Employee Personal Trading. Alliance has adopted a Code of Business Conduct and Ethics that is designed to detect and prevent conflicts of interest when investment professionals and other personnel of Alliance own, buy or sell securities which may be owned by, or bought or sold for, clients. Personal securities transactions by an employee may raise a potential conflict of interest when an employee owns or trades in a security that is owned or considered for purchase or sale by a client, or recommended for purchase or sale by an employee to a client. Subject to the reporting requirements and other limitations of its Code of Business Conduct and Ethics, Alliance permits its employees to engage in personal securities transactions, and also allows them to acquire investments in the AllianceBernstein Mutual Funds through direct purchase and/or notionally in connection with deferred incentive compensation awards. Alliances Code of Ethics and Business Conduct requires disclosure of all personal accounts and maintenance of brokerage accounts with designated broker-dealers (except transactions in open-end mutual funds) approved by Alliance. The Code also requires preclearance of all securities transactions (except transactions in mutual funds) and imposes a one-year holding period for securities purchased by employees to discourage short-term trading.

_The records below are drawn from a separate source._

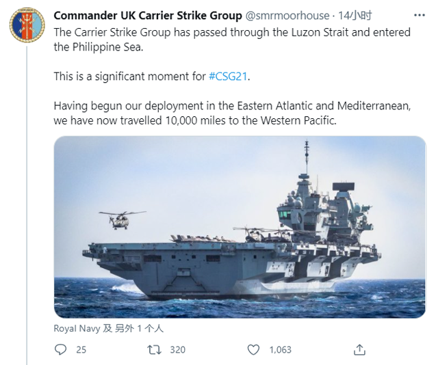 8月1日,英国航母打击群官方推特发布消息,称该航母编队已经经过吕宋海峡,离开南海进入菲律宾海。还不忘给自己脸上贴金,称这是“伊丽莎白女王”号航母首次执行远航任务,“显示英国可在印太地区为盟友级伙伴提供一个可靠的航母战斗群,准备好为海上安全做出贡献”。
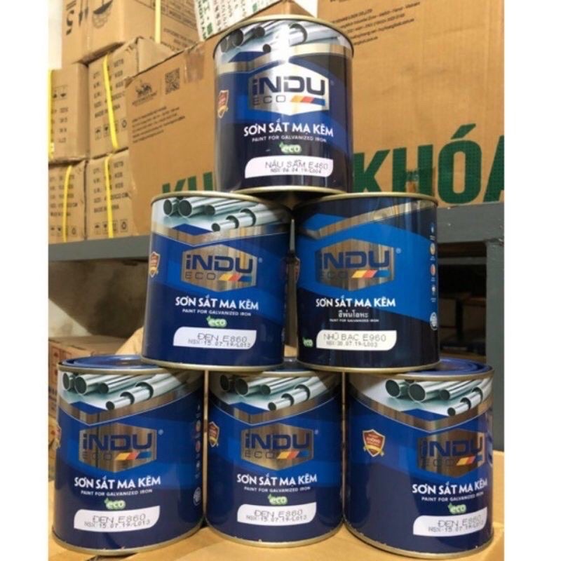 Sơn sắt mạ kẽm INDU hộp 2,5kg bảo hành không bóng tróc- tặng kèm chổi sơn
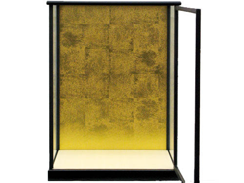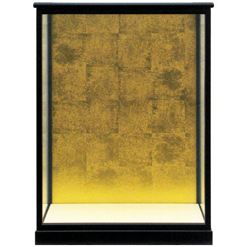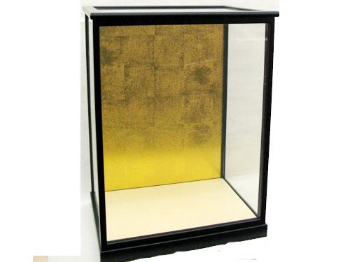 しっかりとしたつくりの木製、前扉、金バックのガラスケースです
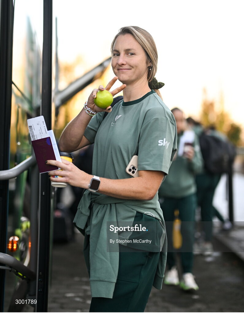 27 November 2024; Republic of Ireland's Kyra Carusa at their team hotel in Dublin ahead of the team's departure to Cardiff for their UEFA Women's EURO 2025 Play-off second round first leg match against Wales on Friday. Photo by Stephen McCarthy/Sportsfile
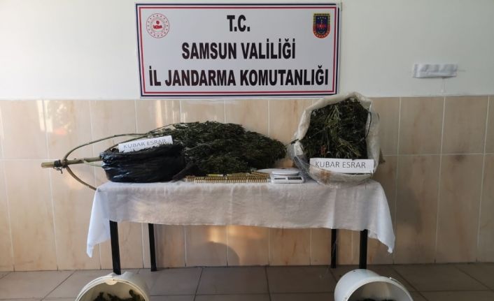 Samsun’un Alaçam ilçesinde jandarma ekiplerince esrar maddesi, tabanca, terazi ve fişek ele geçirildi.
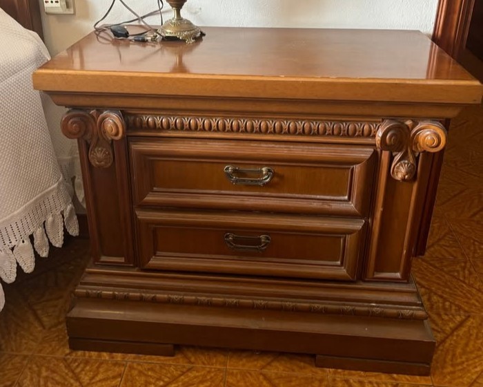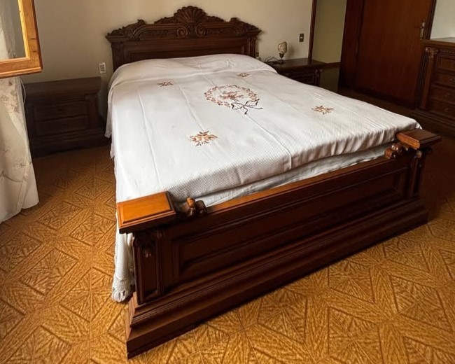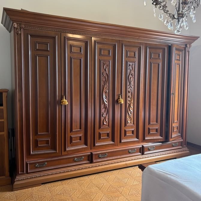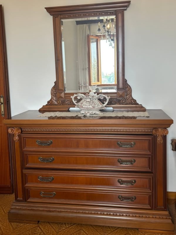 W skład kompletu z drewna wchodzi: łoże, 2 x szafka nocna, szafa, komoda z lustrem.
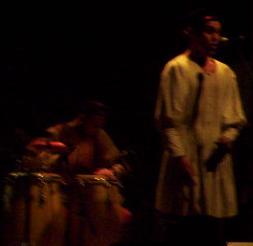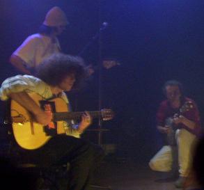 Celui qui nous parle est le percussionniste, qui s'essaiera aussi à de nombreux autres instruments, pas très intéressants dans les dires, faut dire que le public n'est pas trop dedans, puisqu'il y a de formé une sorte de demi-cercle de handball, avec à l'intérieur du demi-cercle, un amateur qui écrit en ce moment ce résumé, et un photographe qui bouge devant le public .. mais voilà, le public mettra quasiment tout le concert à se rapprocher du public ..

Managing Multiple Accounts for Multiple Clients. Alliance has compliance policies and oversight monitoring in place to address conflicts of interest relating to the management of multiple accounts for multiple clients. Conflicts of interest may arise when an investment professional has responsibilities for the investments of more than one account because the investment professional may be unable to devote equal time and attention to each account. The investment professional or investment professional teams for each client may have responsibilities for managing all or a portion of the investments of multiple accounts with a common investment strategy, including other registered investment companies, unregistered investment vehicles, such as hedge funds, pension plans, separate accounts, collective trusts and charitable foundations. Among other things, Alliances policies and procedures provide for the prompt dissemination to investment professionals of initial or changed investment recommendations by analysts so that investment professionals are better able to develop investment strategies for all accounts they manage. In addition, investment decisions by investment professionals are reviewed for the purpose of maintaining uniformity among similar accounts and ensuring that accounts are treated equitably. No investment professional that manages client accounts carrying performance fees is compensated
directly or specifically for the performance of those accounts. Investment professional compensation reflects a broad contribution in multiple dimensions to long-term investment success for our clients and is not tied specifically to the performance of any particular clients account, nor is it directly tied to the level or change in level of assets under management.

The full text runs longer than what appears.